10 Gigabit Ethernet (10 GbE) technology, which is still relatively new in the server space, is now emerging in the real-time embedded space and overlapping the emergence of other proprietary and standard system interconnect fabrics such as RapidIO and PCI Express. What makes 10 GbE so exciting is that for the first time, the world’s most widely understood, deployed, and accepted packet-based communications protocol can address the requirements of the high-performance real-time space.

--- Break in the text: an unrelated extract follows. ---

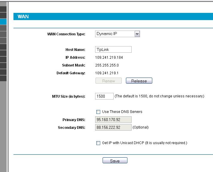 Klikam w konfiguracji TP-Link-a RELEASE i potem RENEW (zdjęcie 2).

10 GbE has different appeal for different users. The designer simply seeking a really fast subsystem interconnect now gets a leading edge 10 Gigabit fibre or copper fat pipe. The program manager struggling to find developers familiar with high-speed protocols – while surrounded with those possessing Ethernet experience – suddenly finds that the latter group has the sought-after skills. The system architect who has for years employed Ethernet for the command, control, and status plane while relying on a variety of other technologies for the high-speed data plane can now ease future software migration by basing both on a common technology.
Unfortunately, the act of processing the communication protocol stack at 10 Gb rates heavily taxes modern processors, leaving them very few, if any, cycles to perform signal processing. I/O modules, such as ADCs, could also benefit from using 10 GbE as a communications fabric; however, these modules typically lack processors that could perform the stack processing – for any speed of Ethernet. Employing a discrete processor as an intermediary in the data path to facilitate 10 GbE communication – or even a processor dedicated solely to stack processing – is not a practical solution.
(visit our sponsor below)
So, when it comes to successfully implementing 10 GbE as a fat pipe in high-performance, real-time embedded systems, there are several key considerations:
One, UDP is often the appropriate choice of protocol.
Two, protocol acceleration/offload is typically required.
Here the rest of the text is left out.